> **PROBLEM DETAILS**
Quote only the span from the first line of the entries to the line containing "比賽中,男雙組合選手嚴陣以待。", both ends kept. Leave every picture out.

Extracted data entries:
====

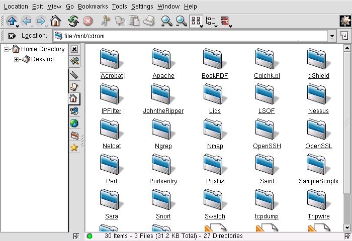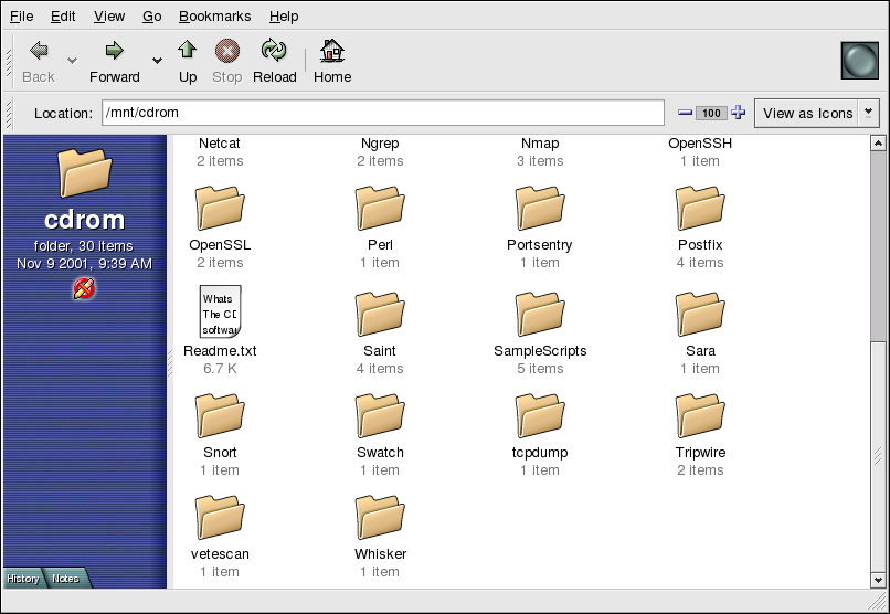 By default, CDs are automatically mounted and opens the default file manager for you to explore the contents of the CD. Figure 3-5 shows the contents of a CD-ROM within the Nautilus file manager.
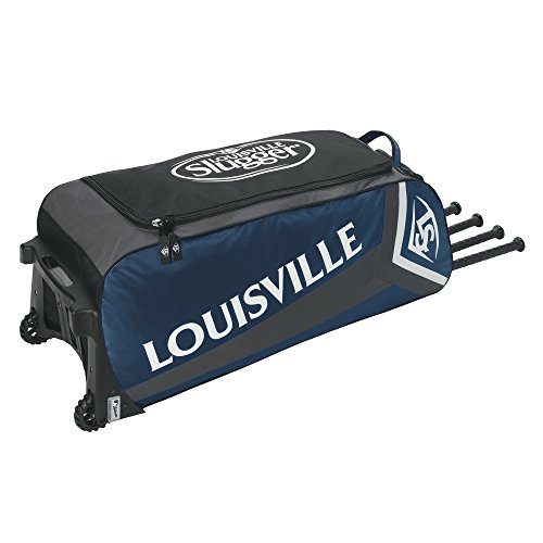 [Description] Louisville Slugger Series 7 Ton Wheeled Bag High rise Wheel chassis Rigid bottom + rails stabilizes rolling Removable personalization panel Bat compartment holds 4 bats
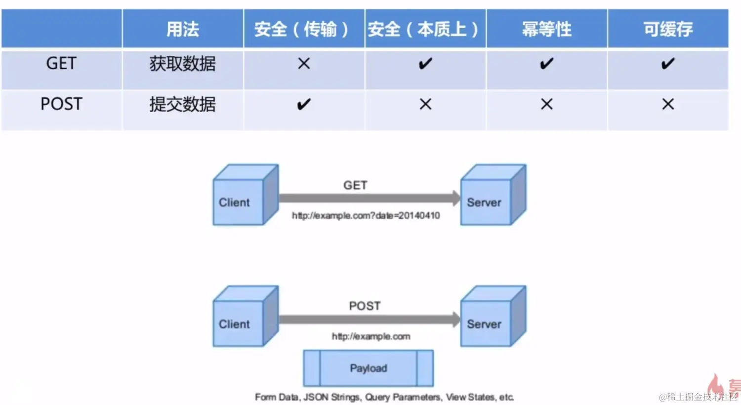 - 从本质意义上讲,GET是安全的,POST不安全:
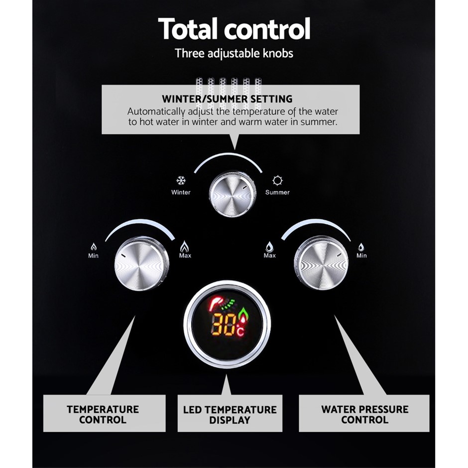 Easy to install, the Water Heater can heat up to 480L of water per hour at your preferred temperature setting conveniently shown on the LED display. No worries about getting accidentally scalded too as the Heater has a built-in processor that sets the maximum water temperature at 50°C. Together with a host of other great safety features, the variable flow shower head is also designed to automatically ignite or turn off the burner by a simple on/off trigger.
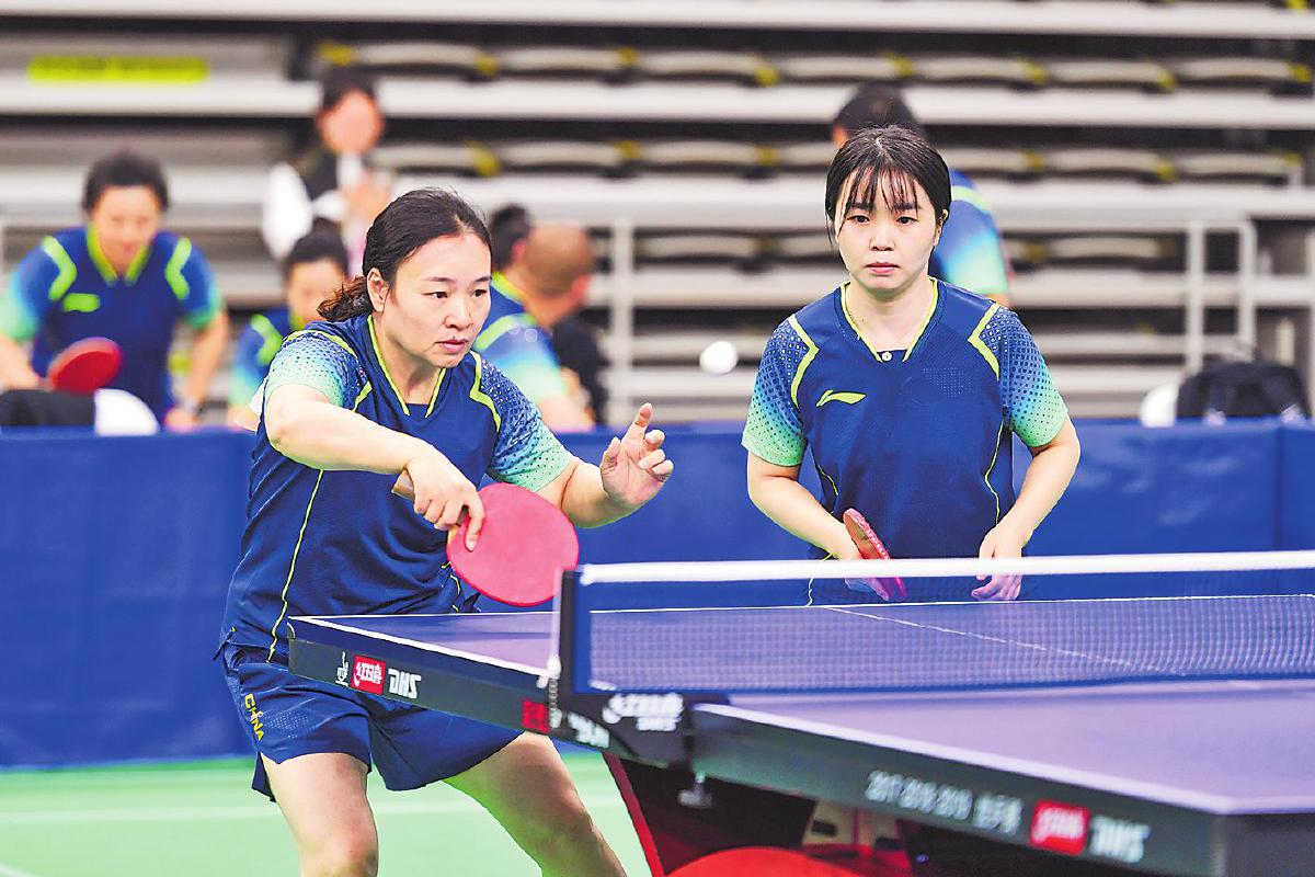 比賽中,男雙組合選手嚴陣以待。
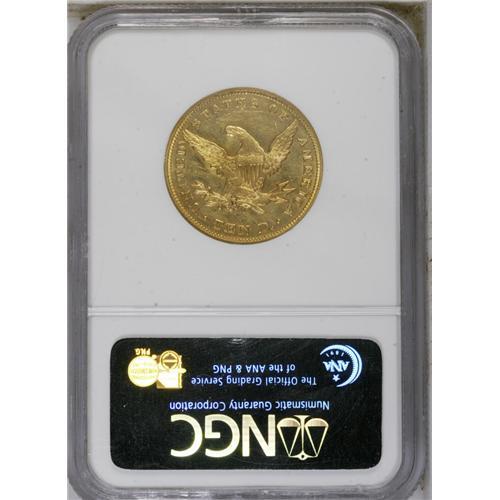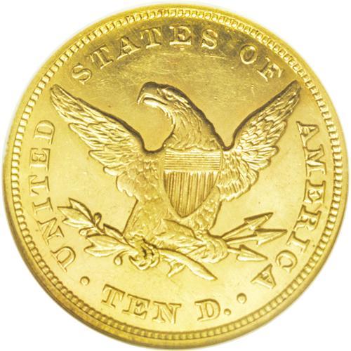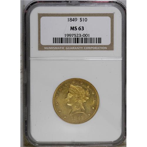 <B>1849<$10> MS63 NGC.</B></I> Although the present No Motto eagle is undesignated as Prooflike by NGC, both fields are nonetheless flashy. The reverse field is particularly reflective. The 1849 is readily collectible in XF and AU grades, but Mint State examples are rare, and none have been certified above MS64. A prooflike MS63 example provides an important opportunity for the gold specialist. Evaluation using a loupe reveals no identifying marks, and only a cluster of light hairlines on the upper reverse field limits the grade. Moderate strike incompleteness is noted on the centers of the major devices. This die variety is interesting for a cluster of bold die lines through the TY in LIBERTY, and a second set of mint-made die lines through Liberty's curls. Population: 8 in 63, 3 finer (9/06).
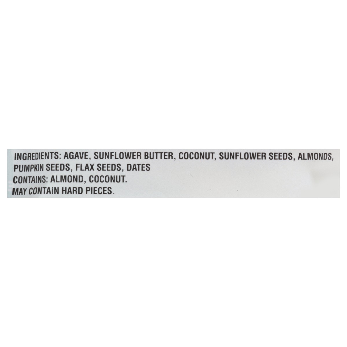 Agave, Sunflower Butter, Coconut, Sunflower Seeds, Almonds, Pumpkin Seeds, Flax Seeds, Dates.
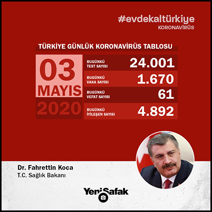 Sağlık Bakanı Fahrettin Koca, 3 Mayıs günü itibari ile son 24 saatte koronavirüsle ilgili ölüm ve toplam vaka sayısını açıkladı. Türkiye’de son 24 saatte 61 kişi hayatını kaybetti, bin 670 kişiye koronavirüs tanısı kondu, toplam vaka sayısı 126 bin 45, can kaybı 3 bin 397 oldu. Tedavisi tamamlanan 4 bin 892 kişi ise taburcu edildi. Bakan Koca, yaptığı açıklamada, 11 Mart’tan bu yana ilk kez iyileşen hasta sayısının mevcut koronavirüs hasta sayısını geçtiğini söyledi.
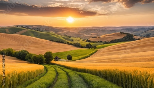 Naklejka premium Rolling Hills with Golden Wheat Fields at Sunset
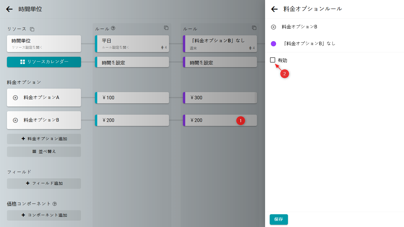 新しいルールと利用不可にしたい料金オプションの交差部分をクリックします。 開いた設定フォームで、
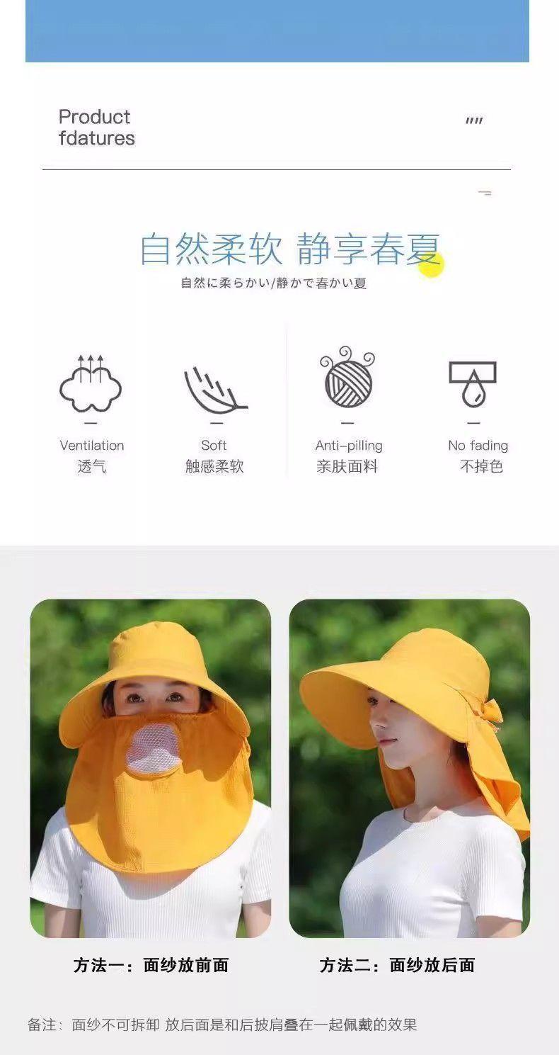 Sombrero Sombrero de Sol de Verano para Mujer Cubre-Cara Sombrero de Sol Ala Grande Sombrero Fresco para Exterior Protección UV Recolección de Té Ciclismo Sombrero de Sol

====

> **RESPONSE**
 By default, CDs are automatically mounted and opens the default file manager for you to explore the contents of the CD. Figure 3-5 shows the contents of a CD-ROM within the Nautilus file manager.
 [Description] Louisville Slugger Series 7 Ton Wheeled Bag High rise Wheel chassis Rigid bottom + rails stabilizes rolling Removable personalization panel Bat compartment holds 4 bats
 - 从本质意义上讲,GET是安全的,POST不安全:
 Easy to install, the Water Heater can heat up to 480L of water per hour at your preferred temperature setting conveniently shown on the LED display. No worries about getting accidentally scalded too as the Heater has a built-in processor that sets the maximum water temperature at 50°C. Together with a host of other great safety features, the variable flow shower head is also designed to automatically ignite or turn off the burner by a simple on/off trigger.
 比賽中,男雙組合選手嚴陣以待。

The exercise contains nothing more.